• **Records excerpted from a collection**
============

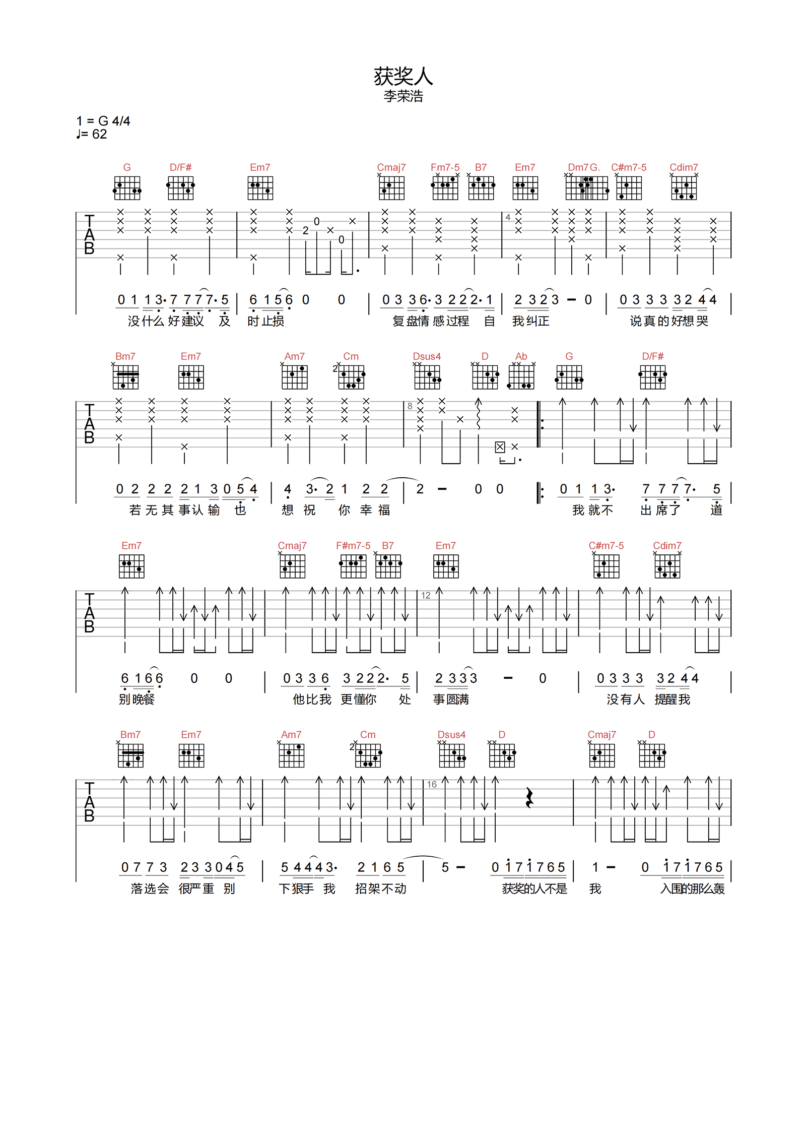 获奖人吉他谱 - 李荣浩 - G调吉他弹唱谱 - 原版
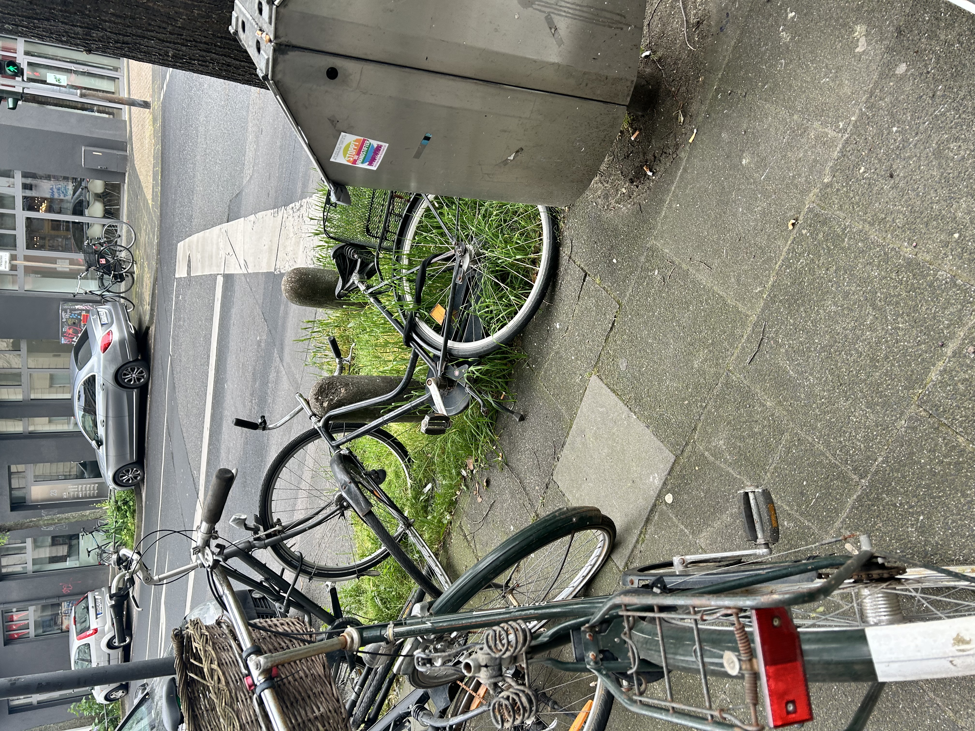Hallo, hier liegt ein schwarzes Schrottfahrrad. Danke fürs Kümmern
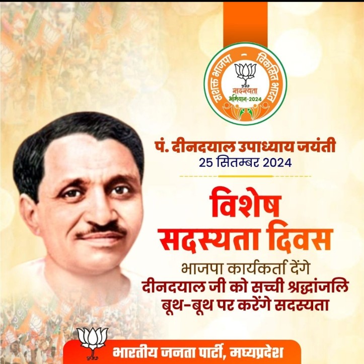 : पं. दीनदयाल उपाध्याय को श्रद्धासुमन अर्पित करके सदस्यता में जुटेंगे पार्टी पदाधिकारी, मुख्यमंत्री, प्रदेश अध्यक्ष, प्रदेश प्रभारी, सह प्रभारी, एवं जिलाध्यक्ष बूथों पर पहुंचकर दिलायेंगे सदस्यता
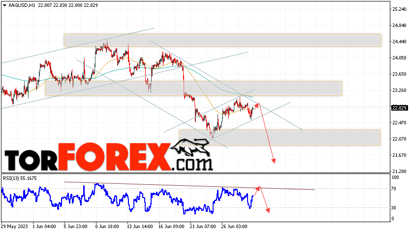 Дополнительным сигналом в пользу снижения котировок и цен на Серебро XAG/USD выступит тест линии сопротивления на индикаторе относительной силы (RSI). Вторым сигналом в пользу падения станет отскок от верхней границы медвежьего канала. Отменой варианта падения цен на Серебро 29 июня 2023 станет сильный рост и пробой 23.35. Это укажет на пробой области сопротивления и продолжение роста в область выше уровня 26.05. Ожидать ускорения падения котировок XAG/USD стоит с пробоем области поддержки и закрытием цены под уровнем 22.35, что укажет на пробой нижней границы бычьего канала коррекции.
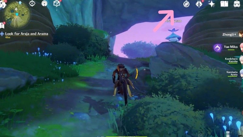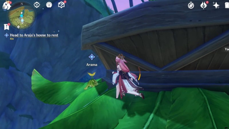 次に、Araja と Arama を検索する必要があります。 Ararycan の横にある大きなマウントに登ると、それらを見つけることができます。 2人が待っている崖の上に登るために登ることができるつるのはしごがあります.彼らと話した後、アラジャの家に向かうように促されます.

============

• **WHAT THE TASK ASKS**
Begin at the line containing "Hallo, hier liegt" and write out every line to the end of the data exactly. Skip the pictures.

• **RESPONSE AREA**
Hallo, hier liegt ein schwarzes Schrottfahrrad. Danke fürs Kümmern
 : पं. दीनदयाल उपाध्याय को श्रद्धासुमन अर्पित करके सदस्यता में जुटेंगे पार्टी पदाधिकारी, मुख्यमंत्री, प्रदेश अध्यक्ष, प्रदेश प्रभारी, सह प्रभारी, एवं जिलाध्यक्ष बूथों पर पहुंचकर दिलायेंगे सदस्यता
 Дополнительным сигналом в пользу снижения котировок и цен на Серебро XAG/USD выступит тест линии сопротивления на индикаторе относительной силы (RSI). Вторым сигналом в пользу падения станет отскок от верхней границы медвежьего канала. Отменой варианта падения цен на Серебро 29 июня 2023 станет сильный рост и пробой 23.35. Это укажет на пробой области сопротивления и продолжение роста в область выше уровня 26.05. Ожидать ускорения падения котировок XAG/USD стоит с пробоем области поддержки и закрытием цены под уровнем 22.35, что укажет на пробой нижней границы бычьего канала коррекции.
 次に、Araja と Arama を検索する必要があります。 Ararycan の横にある大きなマウントに登ると、それらを見つけることができます。 2人が待っている崖の上に登るために登ることができるつるのはしごがあります.彼らと話した後、アラジャの家に向かうように促されます.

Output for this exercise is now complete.